Recorded information Block Start

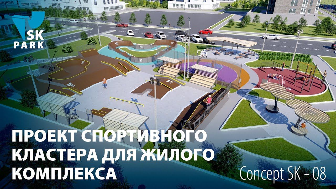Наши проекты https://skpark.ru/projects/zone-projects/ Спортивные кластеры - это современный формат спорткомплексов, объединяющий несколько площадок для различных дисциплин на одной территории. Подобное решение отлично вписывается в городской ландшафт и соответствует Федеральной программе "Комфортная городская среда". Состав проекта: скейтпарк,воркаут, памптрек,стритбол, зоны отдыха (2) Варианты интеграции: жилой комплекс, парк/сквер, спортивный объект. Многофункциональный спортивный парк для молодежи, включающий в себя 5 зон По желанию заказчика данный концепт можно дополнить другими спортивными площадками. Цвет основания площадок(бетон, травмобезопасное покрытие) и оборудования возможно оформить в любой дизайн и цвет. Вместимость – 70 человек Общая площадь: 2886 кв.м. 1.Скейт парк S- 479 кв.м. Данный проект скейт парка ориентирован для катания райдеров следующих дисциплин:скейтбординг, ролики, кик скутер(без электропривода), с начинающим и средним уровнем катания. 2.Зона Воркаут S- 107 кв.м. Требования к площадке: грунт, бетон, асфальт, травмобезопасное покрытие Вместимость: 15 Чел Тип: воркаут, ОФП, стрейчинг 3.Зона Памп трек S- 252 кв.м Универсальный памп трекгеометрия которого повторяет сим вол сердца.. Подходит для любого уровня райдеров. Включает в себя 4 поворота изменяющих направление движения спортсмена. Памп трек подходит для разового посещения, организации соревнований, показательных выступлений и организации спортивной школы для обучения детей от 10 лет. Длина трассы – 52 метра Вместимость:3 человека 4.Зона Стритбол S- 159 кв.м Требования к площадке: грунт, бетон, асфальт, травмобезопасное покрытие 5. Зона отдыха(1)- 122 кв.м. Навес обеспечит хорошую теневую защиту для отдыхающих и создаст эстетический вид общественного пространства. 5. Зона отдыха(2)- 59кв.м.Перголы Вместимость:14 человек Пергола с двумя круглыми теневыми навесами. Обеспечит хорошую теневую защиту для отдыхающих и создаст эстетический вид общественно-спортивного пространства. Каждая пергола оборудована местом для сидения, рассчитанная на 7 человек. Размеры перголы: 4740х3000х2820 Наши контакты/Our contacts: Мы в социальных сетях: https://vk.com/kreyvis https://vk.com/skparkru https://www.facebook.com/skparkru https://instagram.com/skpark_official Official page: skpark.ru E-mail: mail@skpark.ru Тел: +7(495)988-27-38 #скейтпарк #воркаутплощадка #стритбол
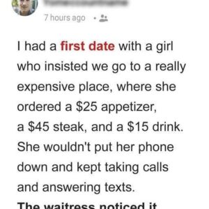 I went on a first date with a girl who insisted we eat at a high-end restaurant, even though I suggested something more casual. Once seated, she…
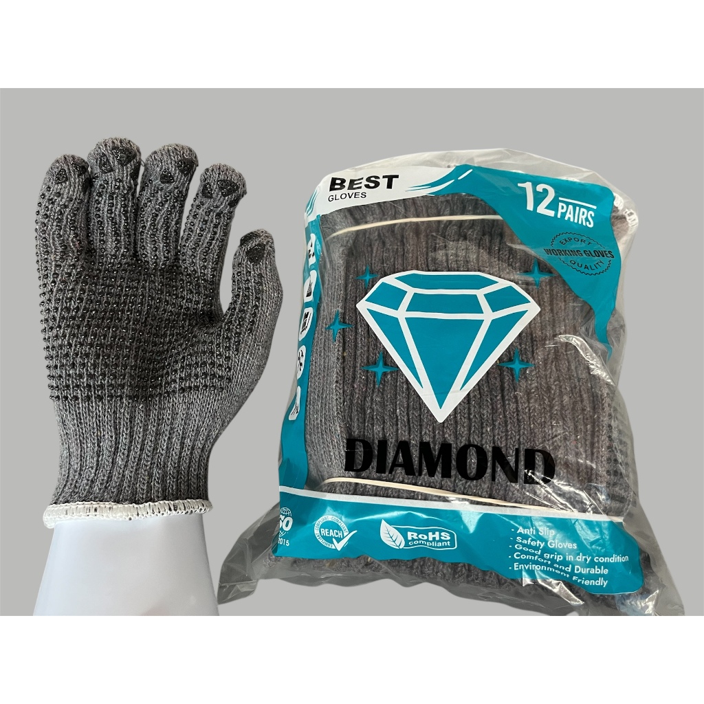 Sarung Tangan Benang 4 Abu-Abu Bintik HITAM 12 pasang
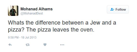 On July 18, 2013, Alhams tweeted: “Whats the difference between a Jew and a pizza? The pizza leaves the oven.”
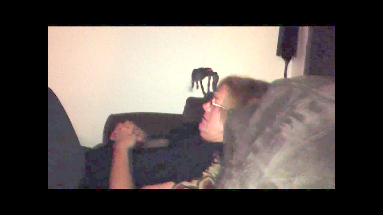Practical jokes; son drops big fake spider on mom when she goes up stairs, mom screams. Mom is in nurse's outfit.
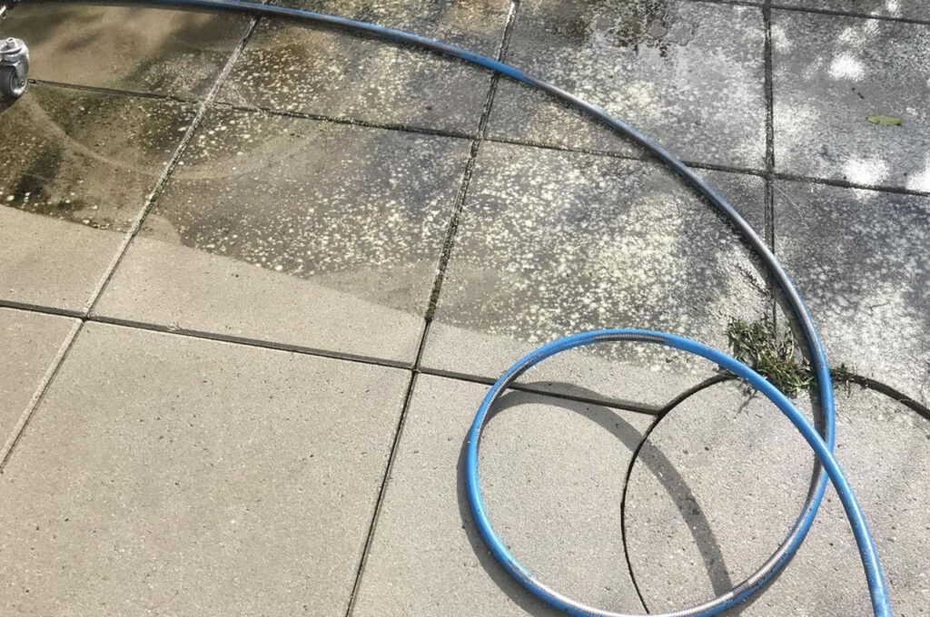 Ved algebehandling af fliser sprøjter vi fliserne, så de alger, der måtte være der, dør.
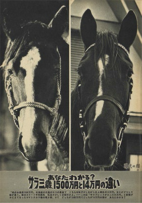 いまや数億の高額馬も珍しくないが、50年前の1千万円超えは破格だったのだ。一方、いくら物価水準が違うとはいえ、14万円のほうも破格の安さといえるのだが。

Recorded information Block End

Apart from the pictures, every line of the data above should be given again exactly.

**The answer**.
Наши проекты https://skpark.ru/projects/zone-projects/ Спортивные кластеры - это современный формат спорткомплексов, объединяющий несколько площадок для различных дисциплин на одной территории. Подобное решение отлично вписывается в городской ландшафт и соответствует Федеральной программе "Комфортная городская среда". Состав проекта: скейтпарк,воркаут, памптрек,стритбол, зоны отдыха (2) Варианты интеграции: жилой комплекс, парк/сквер, спортивный объект. Многофункциональный спортивный парк для молодежи, включающий в себя 5 зон По желанию заказчика данный концепт можно дополнить другими спортивными площадками. Цвет основания площадок(бетон, травмобезопасное покрытие) и оборудования возможно оформить в любой дизайн и цвет. Вместимость – 70 человек Общая площадь: 2886 кв.м. 1.Скейт парк S- 479 кв.м. Данный проект скейт парка ориентирован для катания райдеров следующих дисциплин:скейтбординг, ролики, кик скутер(без электропривода), с начинающим и средним уровнем катания. 2.Зона Воркаут S- 107 кв.м. Требования к площадке: грунт, бетон, асфальт, травмобезопасное покрытие Вместимость: 15 Чел Тип: воркаут, ОФП, стрейчинг 3.Зона Памп трек S- 252 кв.м Универсальный памп трекгеометрия которого повторяет сим вол сердца.. Подходит для любого уровня райдеров. Включает в себя 4 поворота изменяющих направление движения спортсмена. Памп трек подходит для разового посещения, организации соревнований, показательных выступлений и организации спортивной школы для обучения детей от 10 лет. Длина трассы – 52 метра Вместимость:3 человека 4.Зона Стритбол S- 159 кв.м Требования к площадке: грунт, бетон, асфальт, травмобезопасное покрытие 5. Зона отдыха(1)- 122 кв.м. Навес обеспечит хорошую теневую защиту для отдыхающих и создаст эстетический вид общественного пространства. 5. Зона отдыха(2)- 59кв.м.Перголы Вместимость:14 человек Пергола с двумя круглыми теневыми навесами. Обеспечит хорошую теневую защиту для отдыхающих и создаст эстетический вид общественно-спортивного пространства. Каждая пергола оборудована местом для сидения, рассчитанная на 7 человек. Размеры перголы: 4740х3000х2820 Наши контакты/Our contacts: Мы в социальных сетях: https://vk.com/kreyvis https://vk.com/skparkru https://www.facebook.com/skparkru https://instagram.com/skpark_official Official page: skpark.ru E-mail: mail@skpark.ru Тел: +7(495)988-27-38 #скейтпарк #воркаутплощадка #стритбол
 I went on a first date with a girl who insisted we eat at a high-end restaurant, even though I suggested something more casual. Once seated, she…
 Sarung Tangan Benang 4 Abu-Abu Bintik HITAM 12 pasang
 On July 18, 2013, Alhams tweeted: “Whats the difference between a Jew and a pizza? The pizza leaves the oven.”
Practical jokes; son drops big fake spider on mom when she goes up stairs, mom screams. Mom is in nurse's outfit.
 Ved algebehandling af fliser sprøjter vi fliserne, så de alger, der måtte være der, dør.
 いまや数億の高額馬も珍しくないが、50年前の1千万円超えは破格だったのだ。一方、いくら物価水準が違うとはいえ、14万円のほうも破格の安さといえるのだが。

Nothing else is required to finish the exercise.